Alvarion is happy to report today that the Australian government is pushing WiMax as a tech for its Federal Government Broadband Connect project. The initiative aims to provide broadband service to everyone in the country, even in rural areas. OPEL Networks, a joint venture of Optus and Elders (a rural service provider), will be running the project.
Israel-based Alvarion is happy with the news because it is likely to be the equipment provider for the project; it was involved in 18 months of evaluation with OPEL, in trials used to win the bid.
The network is called Australia Connected, and is expected to cost AU$1.9 billion (US$1.6 billion), with the government splitting the cost with OPEL almost 50/50 (the government will pay $958 million).

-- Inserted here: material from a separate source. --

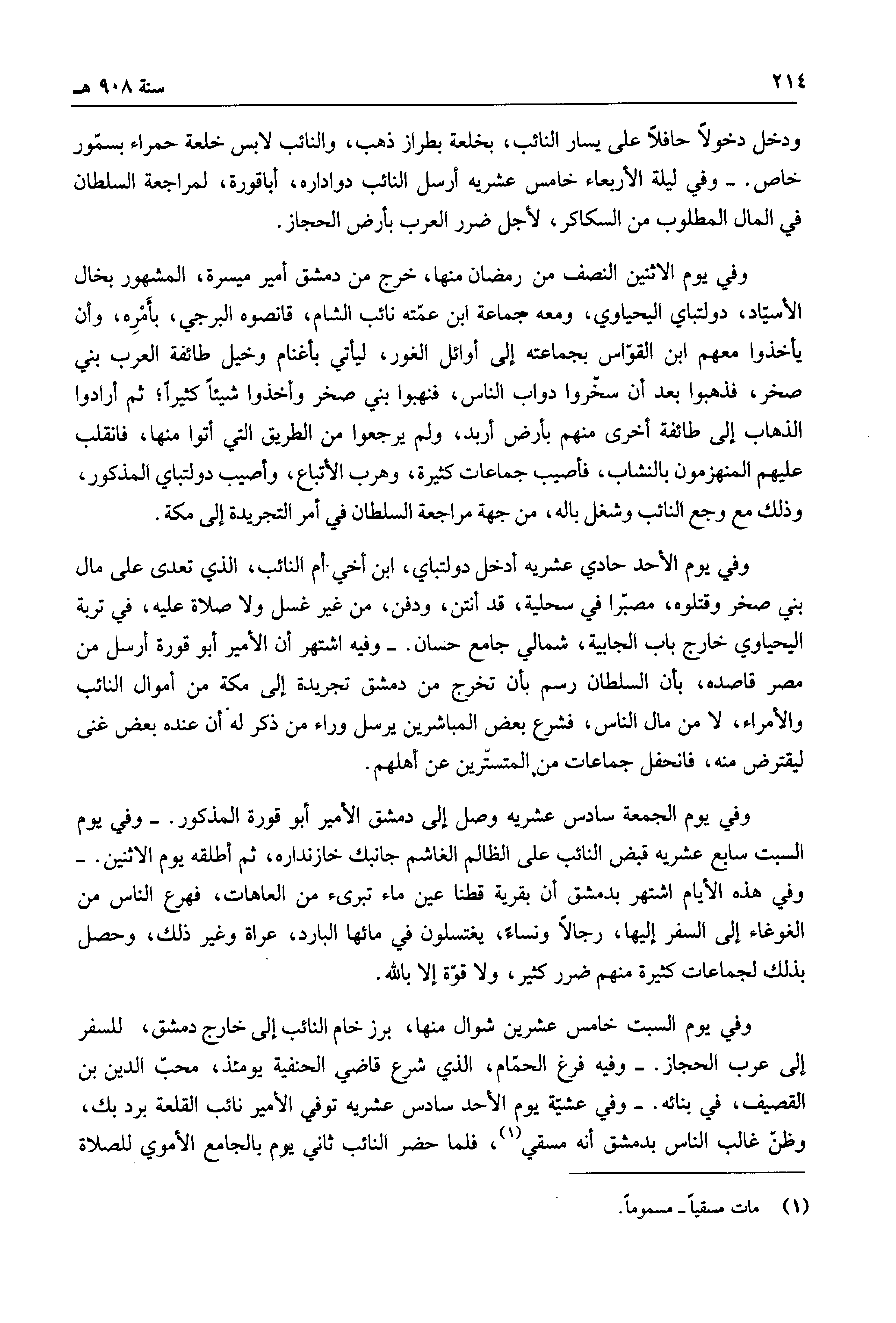 وفي يوم الاثنين النصف من رمضان منها، خرج من دمشق أمير ميسرة، المشهور بخال الأسياد، دولتباي اليحياوي، ومعه جماعة ابن عمته نائب الشام، قانصوه البرجي، بأمره، وأن يأخذوا معهم ابن القواس بجماعته إلى أوائل الغور، ليأتي بأغنام وخيل طائفة العرب بني صخر، فذهبوا بعد أن سخروا دواب الناس، فنهبوا بني صخر وأخذوا شيئاً كثيراً؛ ثم أرادوا الذهاب إلى طائفة أخرى منهم بأرض أربد، ولم يرجعوا من الطريق التي أتوا منها، فانقلب عليهم المنهزمون بالنشاب، فأصيب جماعات كثيرة، وهرب الأتباع، وأصيب دولتباي المذكور، وذلك مع وجع النائب وشغل باله، من جهة مراجعة السلطان في أمر التجريدة إلى مكة.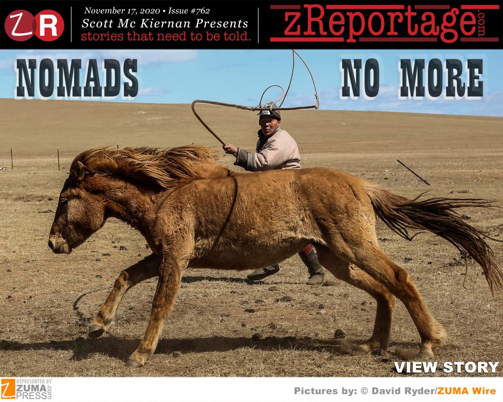 zReportage.com Story of the Week #762: TUESDAY November 17, 2020: ‘NOMADS NO MORE’ from ZUMA Press award winning photographer David Ryder who specializes in in-depth issue reporting: For millennia, pastoral herders have lived on the Mongolian steppe, moving with their livestock according to the seasons. Herding is a way of life for over a third of Mongolians, and of symbolic importance to the whole country. Thanks in part to rural-to-urban migration, it is now under threat. In Mongolia, as in other parts of the world, this century is proving to be an era of fast and furious change. Modernization, a new economic system, opportunities in mining, and the effects of overgrazing and climate change are nudging an ancient nomadic culture to adopt a more urban, settled lifestyle. Nomads now face a choice that will shape the future of their country: withstand new threats on the steppe, or give up herding in search of new opportunities. Welcome to: ‘NOMADS NO MORE’

Eventually, the network will stretch across 638,000 square kilometers (246,333 square miles), over all of Australia’s territories, consisting of 1,300 WiMax sites, each covering 20 km, in addition to a lot of ADSL2+ installations. That includes 15,000 km (9,320 miles) of fiber-optic backhaul. OPEL is promising speeds around 6 Megabits per second to users, to be upgraded to 12 Mbps by 2009. Optus and Elders will separately sell the broadband service at retail.
The decision was not met with happiness by Telstra, Australia’s biggest telco. It called WiMax a “technology orphan” in a letter to federal MPs. Telstra’s network is already being rolled out, using High-Speed Packet Access (HSPA) technology; but the government’s decision means it lost the AU$958 million in subsidies. The decision has incited quite a bit of political fighting, but deployment will likely start before federal elections in October or November, according to theage.com.au.
The government wants the network built by the middle of 2009.
A recent report by the Organization for Economic Co-operation and Development (OECD) said that the U.S. and Australia both lagged behind many countries in providing broadband; that data has been called into question by an Australian company, Market Clarity. The U.S. State Department also didn’t like the report, saying it failed to take municipal wireless networks into consideration, according to MuniWireless.com.
Over in New Zealand, the city of Auckland recently issued a request for information to providers; it wants to have (but not own) a downtown Wi-Fi network in the next three years, with the potential to take it citywide.